Pertemuan puncak ini merupakan salah satu konferensi PBB terpenting tahun ini. Mengapa “Masa Depan” dijadikan tema? Alasan langsungnya adalah gejolak dunia yang terus meningkat, dan umat manusia menghadapi risiko yang belum pernah ada sebelumnya, seperti konflik Rusia-Ukraina, konflik Palestina-Israel, dan konfrontasi Lebanon-Israel yang semakin meningkat. Sementara itu, tantangan-tantangan seperti perubahan iklim, ketahanan pangan, krisis pengungsi, dan penerapan teknologi baru terus bermunculan. Masa depan seperti apa yang dibutuhkan umat manusia?
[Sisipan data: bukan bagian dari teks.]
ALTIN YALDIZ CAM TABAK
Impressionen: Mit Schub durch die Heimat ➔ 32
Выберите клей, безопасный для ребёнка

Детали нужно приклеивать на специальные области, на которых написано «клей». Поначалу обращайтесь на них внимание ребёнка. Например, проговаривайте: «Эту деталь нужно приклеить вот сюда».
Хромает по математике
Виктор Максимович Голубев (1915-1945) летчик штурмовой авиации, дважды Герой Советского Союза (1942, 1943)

Bagaimana cara membangun masa depan yang lebih baik? Seluruh dunia sedang berpikir dan bertanya.
Di latar belakang inilah, sekitar 130 kepala negara dan pemimpin pemerintah berkumpul di Markas Besar PBB untuk menjajaki arah maju masa depan. Yang menarik perhatian adalah, pada hari pertama pertemuan puncak, semua pihak membahas dan meluluskan "Kontrak Masa Depan" bersama lampirannya, "Kontrak Digital Global" dan "Deklarasi Generasi Mendatang". Kontrak ini akhirnya tercapai melalui perundingan yang intensif selama dua tahun. Hal ini mencerminkan tekad dan keinginan semua pihak untuk mereformasi mekanisme tata kelola internasional, menghidupkan kembali multilateralisme, dan menanggapi tantangan dengan lebih baik.
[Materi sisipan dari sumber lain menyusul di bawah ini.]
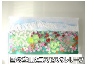
雪の立山とコスモスのレリーフ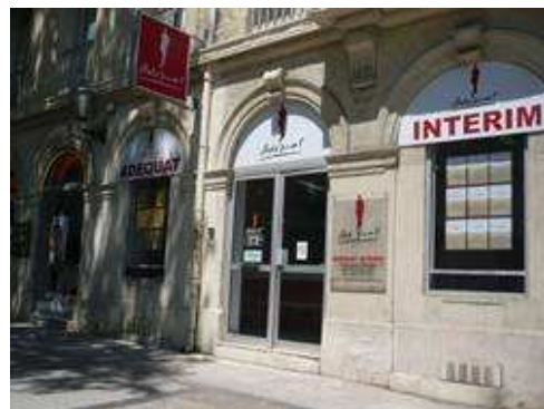
Agence de Montpellier

Sebagai anggota tetap Dewan Keamanan PBB, Tiongkok telah memberikan dukungan teguh terhadap penyelenggaraan pertemuan puncak masa depan. Pada pertemuan puncak tersebut, utusan khusus Presiden Tiongkok Xi Jinping yang juga Menteri Luar Negeri Tiongkok Wang Yi, mengemukakan empat butir inisiatif yang berfokus pada pembangunan masa depan yang damai dan tenteram, berkembang dan makmur, adil dan lebih indah, ia menekankan bahwa semua pihak harus menjaga sistem internasional dengan PBB sebagai intinya, serta melindungi hak dan kepentingan sah negara-negara berkembang, mendorong globalisasi ekonomi yang inklusif dan lain sebagainya. Pendirian-pendirian ini tidak hanya menjadi jaminan penting untuk merealisasi Kontrak Masa Depan, tetapi juga menjadi visi dan tujuan yang ingin dicapai dalam kontrak tersebut, dan telah memperoleh tanggapan luas semua pihak.
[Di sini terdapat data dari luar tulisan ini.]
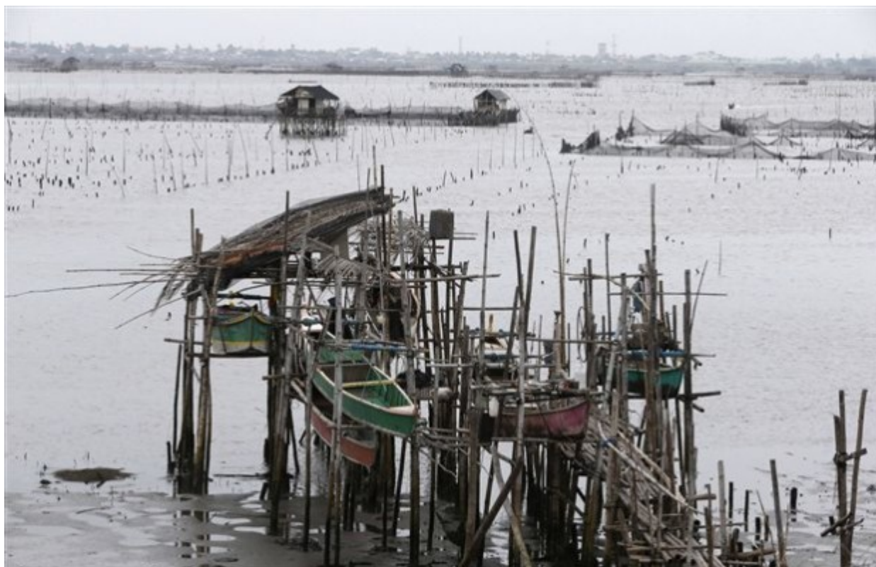
Οι φαράδες λιμανιού κοντά στη Μανίλα, εξασφάλισαν απάγκιο για τις μικρές τους βάρκες εν αναμονή του τυφώνα που θεωρείται ο πιο ισχυρός που πλήττει ξηρά

Ο Χαϊγιάν που στο πέρασμα του συνοδευόταν από ριπές ανέμων με ταχύτητα περίπου 275 χιλιόμετρα την ώρα, προκάλεσε επίσης τεράστια κύματα 5 έως 6 μέτρα ύψους που απέβησαν καταστροφικά.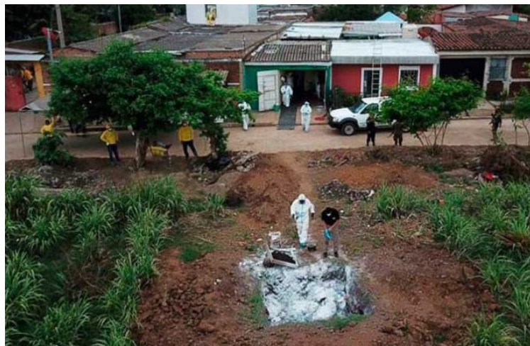
En El Salvador hay 51 fosas clandestinas, una de ellas, en la finca Suiza, Nuevo Cuscatlán, atrás la residencial Los Sueños, donde vive el presidente Nayib Bukele.

Selama satu dekade terakhir, konsep Tiongkok tentang komunitas senasib sepenanggungan manusia menjadi semakin disambut dan telah dimasukkan dalam dokumen PBB. Sekretaris Jenderal PBB Guterres berkomentar, "Tiongkok kini telah menjadi pilar penting multilateralisme, sedangkan tujuan kita mempraktikkan multilateralisme adalah untuk membangun komunitas senasib sepenanggungan umat manusia."
“Mewujudkan pembangunan berkelanjutan dan tidak membiarkan siapa pun tertinggal saat ini dan selamanya selalu menjadi tujuan utama multilateralisme.” Ini adalah komitmen dalam Kontrak Masa Depan, dan hal ini menunjukkan, komunitas internasional mengharapkan dunia berkembang ke arah yang lebih baik. Namun, kontrak tersebut tidak bersifat wajib, jadi bagaimana kita bisa membuat negara-negara anggota PBB berpikir searah dan bekerja keras untuk mewujudkan visi tersebut? Orang Tionghoa sering berkata, "Perjalanan yang panjang harus ditempuh selangkah demi selangkah baru dapat sampai tujuan”. Asalkan semua pihak memegang teguh semangat kontrak, memikirkan masalah dan mengambil keputusan dengan pikiran senasib sepenanggungan, menggantikan perpecahan dengan persatuan, menggantikan konfrontasi dengan persatuan dan kerja sama, serta menggantikan eksklusivitas dengan toleransi, maka dunia yang lebih baik bukanlah sebuah mimpi dan pasti dapat terwujud.